Your copy runs from the line containing "Disponibili diversi sacchi" through the last line of the listing, both included. Restate those lines word for word and leave out pictures.

Supplied data
********
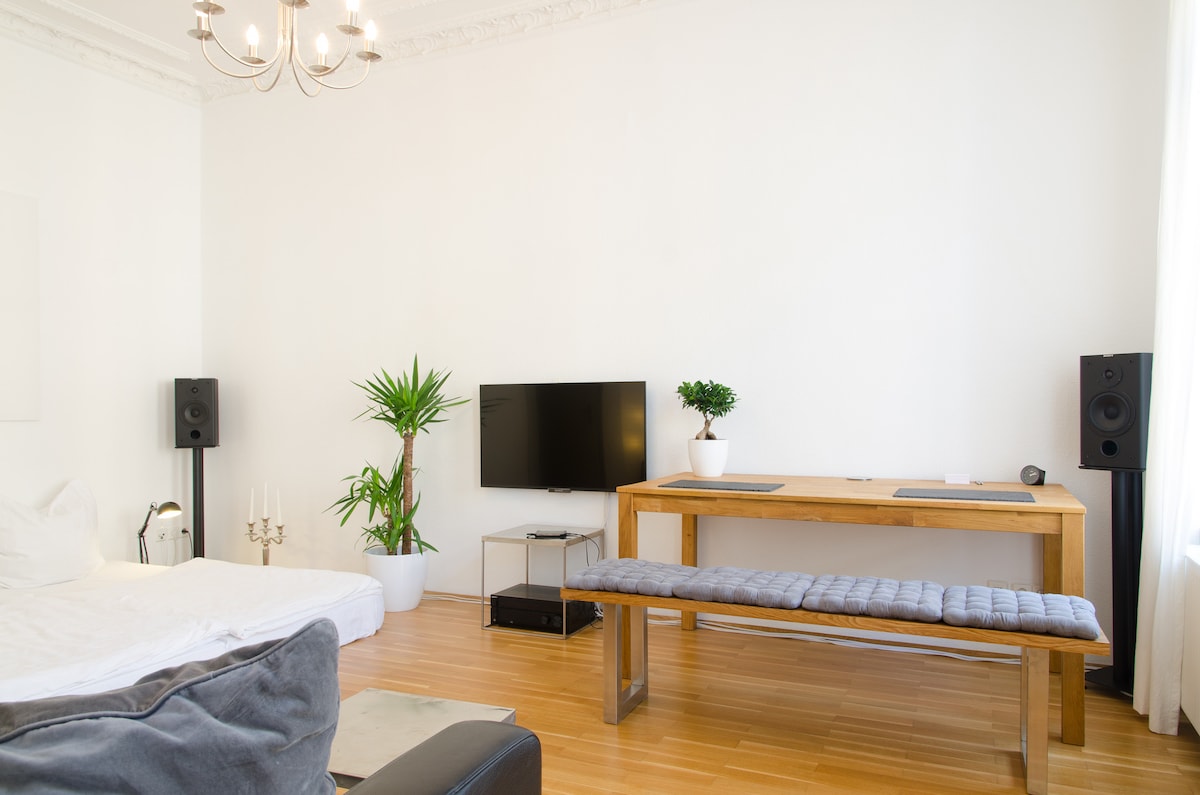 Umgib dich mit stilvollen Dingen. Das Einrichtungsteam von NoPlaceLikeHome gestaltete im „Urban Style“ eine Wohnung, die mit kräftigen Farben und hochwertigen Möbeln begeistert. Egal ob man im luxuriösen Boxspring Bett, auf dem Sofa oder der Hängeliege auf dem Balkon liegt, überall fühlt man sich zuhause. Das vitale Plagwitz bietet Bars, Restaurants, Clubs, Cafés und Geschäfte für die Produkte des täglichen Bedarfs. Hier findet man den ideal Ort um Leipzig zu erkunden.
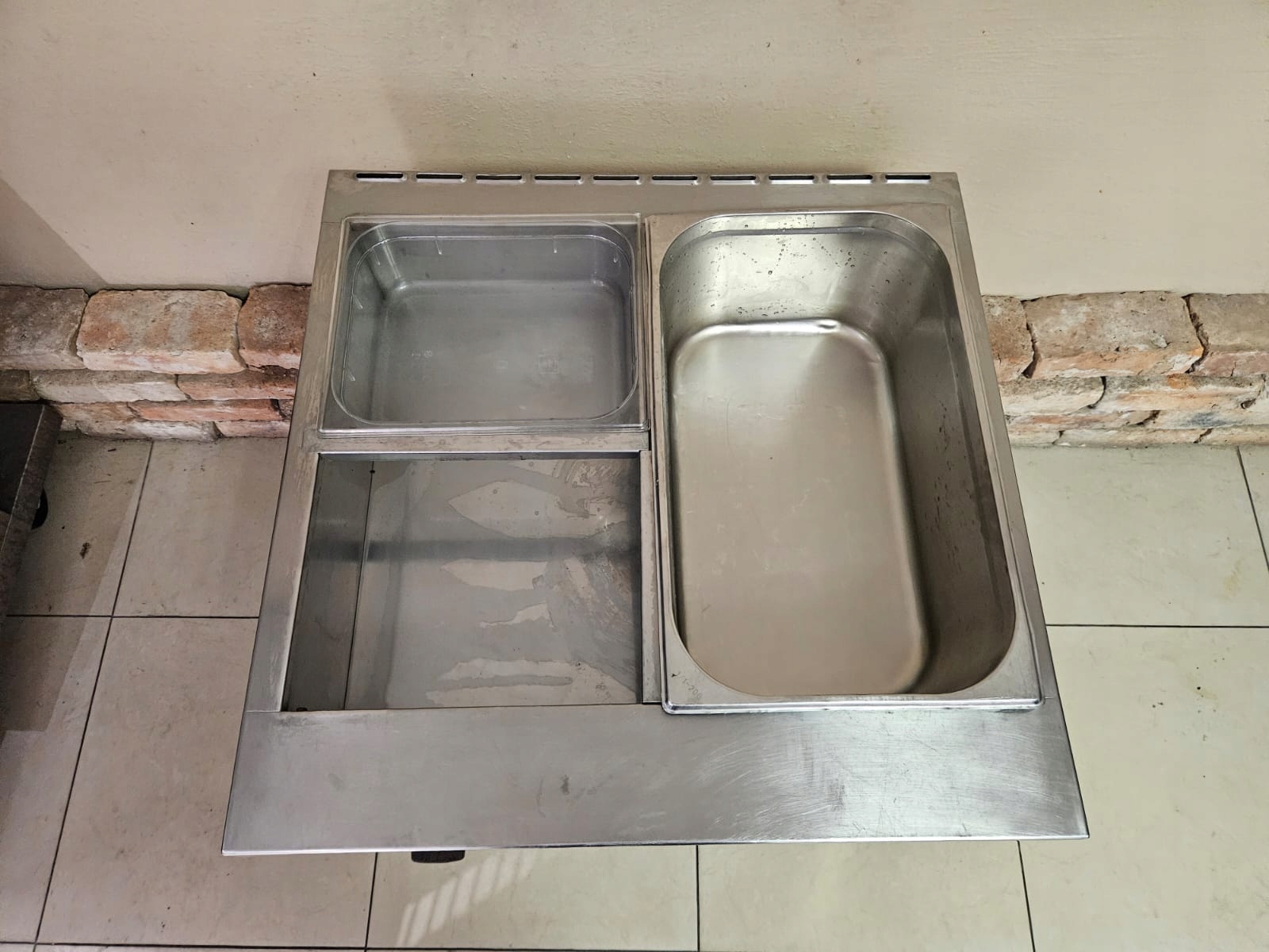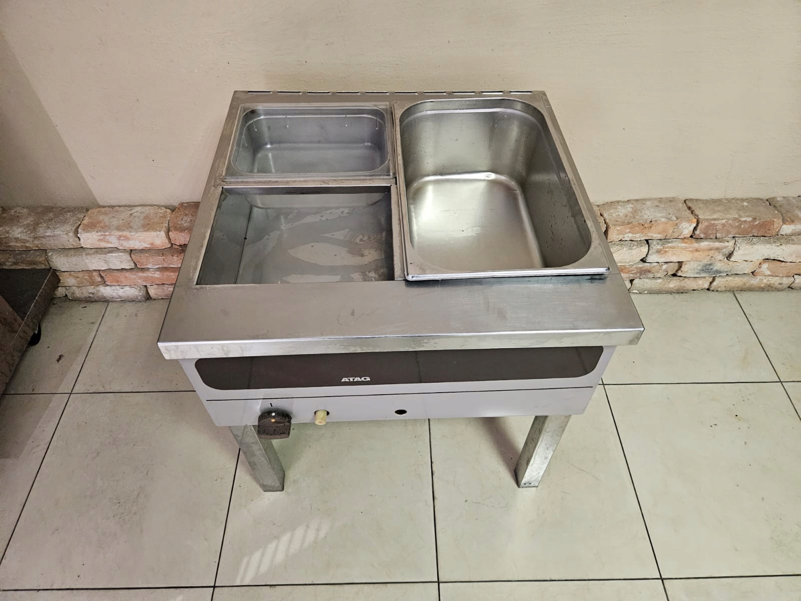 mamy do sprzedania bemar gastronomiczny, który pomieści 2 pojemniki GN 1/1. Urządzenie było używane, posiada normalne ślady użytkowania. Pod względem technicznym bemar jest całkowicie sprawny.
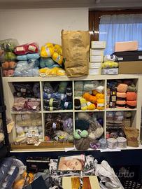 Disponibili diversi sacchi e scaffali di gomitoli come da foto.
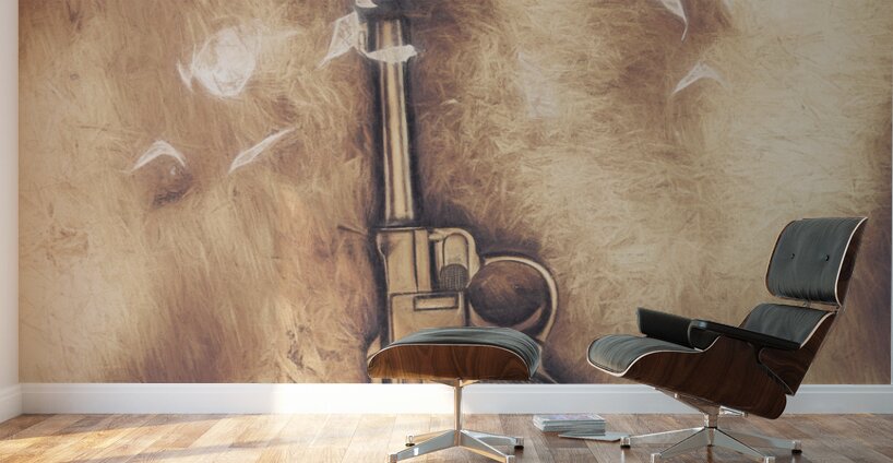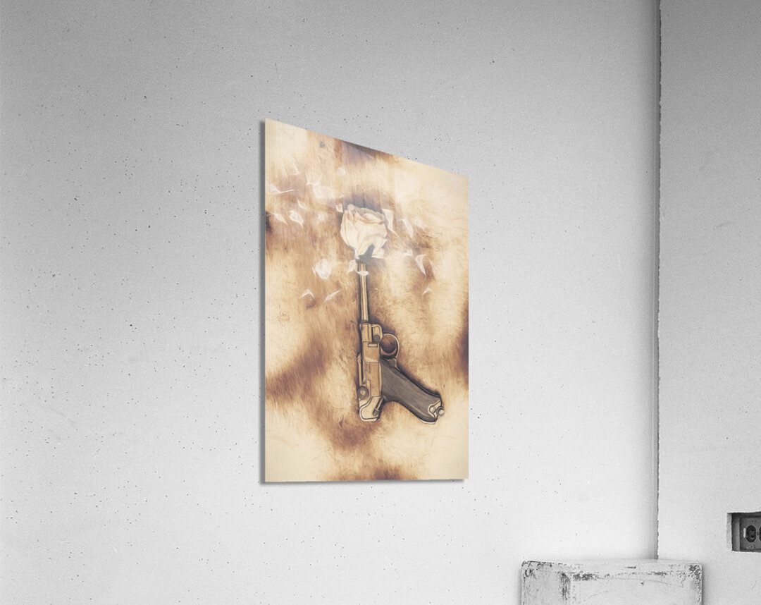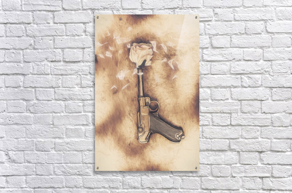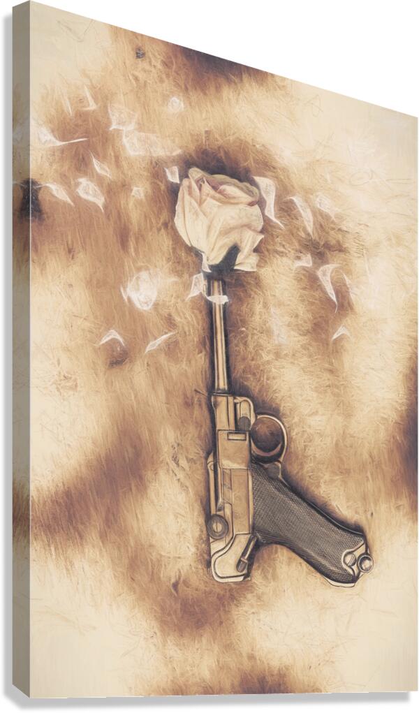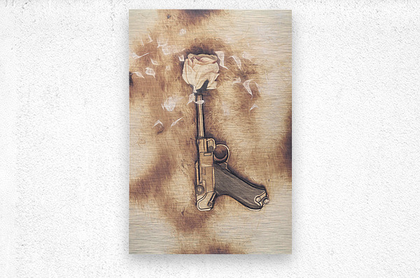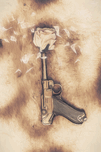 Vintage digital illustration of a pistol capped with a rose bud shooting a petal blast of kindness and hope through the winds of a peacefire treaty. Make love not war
********
Final answer
 Disponibili diversi sacchi e scaffali di gomitoli come da foto.
 Vintage digital illustration of a pistol capped with a rose bud shooting a petal blast of kindness and hope through the winds of a peacefire treaty. Make love not war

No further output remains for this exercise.